An increase on when to pay Capital Gains Tax on property transactions
As of 27 October 2021 the deadline for reporting and paying Capital Gains Tax (CGT), following completion of the sale of UK residential property, will increase from 30 to 60 days. The same deadline increase will also apply to non-UK residents disposing of UK property.
Basis period reform
The previous basis period rules for unincorporated businesses will be reformed and legislated for in Finance Bill 2021/22. This will result in all business profits (or losses) for a tax year being calculated with reference to those profits and losses arising in the tax year itself, regardless of the business’ accounting date.
This will simplify what can often be a complex tax area. It will, in effect, reduce the need for profits to be taxed twice when a business is first started, or when a partner joins a partnership.
The transition to the new rules will take place in 2023/24 and the new rules will come into force from 6 April 2024. During the transition year, overlap relief can be used and any profit generated during the alignment of the basis period with the tax year will be able to be spread over a five-year period for tax purposes, starting with the tax year.
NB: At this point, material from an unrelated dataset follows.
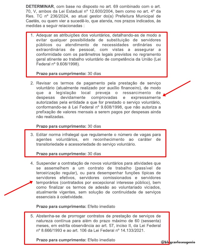 Além das sanções, o Tribunal determinou a adoção de medidas imediatas, como a suspensão de contratações irregulares de voluntários e o respeito ao limite máximo de 60 meses para contratos contínuos. Também foi fixado prazo de 30 dias para ajustes normativos e administrativos.
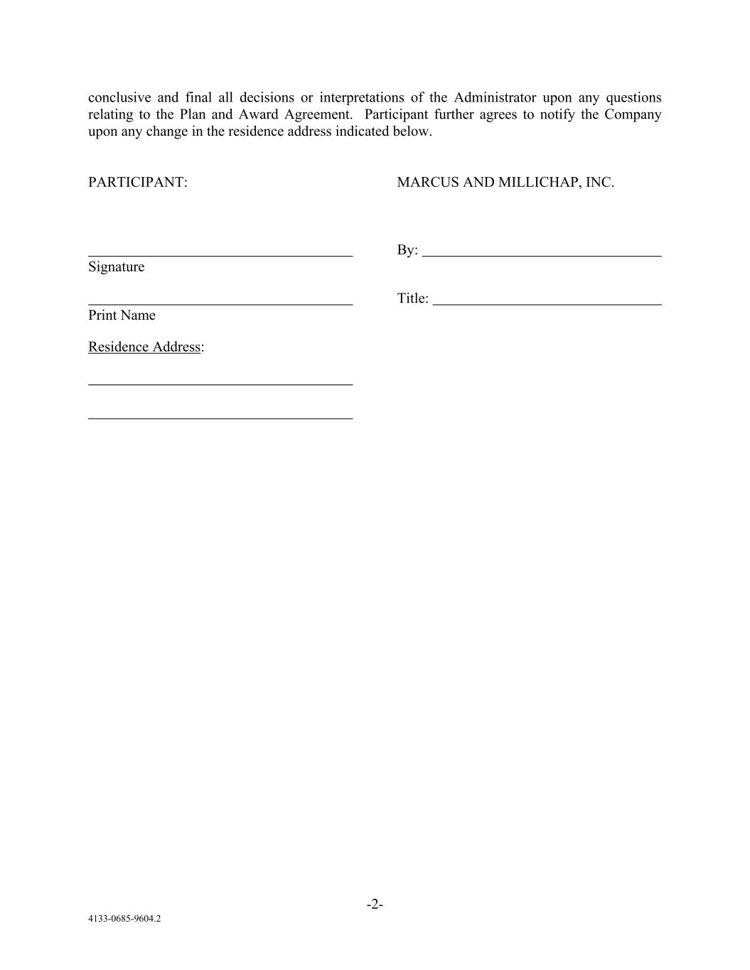 -2- 4133-0685-9604.2 conclusive and final all decisions or interpretations of the Administrator upon any questions relating to the Plan and Award Agreement. Participant further agrees to notify the Company upon any change in the residence address indicated below. PARTICIPANT: MARCUS AND MILLICHAP, INC. By: Signature Title: Print Name Residence Address:

Making Tax Digital implementation dates
The introduction of Making Tax Digital (MTD) was supposed to come into force from April 2023, for any taxpayers with businesses and/or property incomes of more than £10,000. There will now be a delay in this with the new dates for MTD will be as follows:
- April 2024 for taxpayers who are sole traders or landlords
- April 2025 for taxpayers who are classed as general partnerships
Dividend tax increase confirmed
Announced alongside the Health and Social Care levy, there will be an increase in the rates of dividend tax from 6 April 2022.
This will take the form of a 1.25% on each dividend rate and will be applied as follows:
|Income tax band||Dividend tax rate 2021/22||Dividend tax rate 2022/23|
|Basic-rate(income of £12,570 – £50,270)||7.5%||8.75%|
|Higher-rate(£50,271 – 150,000)||32.5%||33.75%|
The rationale behind this is to ensure that those individuals who earn through dividends, rather than employment or self-employment, make a corresponding contribution to help to fund additional health and social care spending.
Alcohol duties reforms
Air passenger duty
A new domestic band for air passenger duty for 2023 will be set at £6.50 for flights between airports in England, Scotland, Wales and Northern Ireland. This doesn’t include private jets.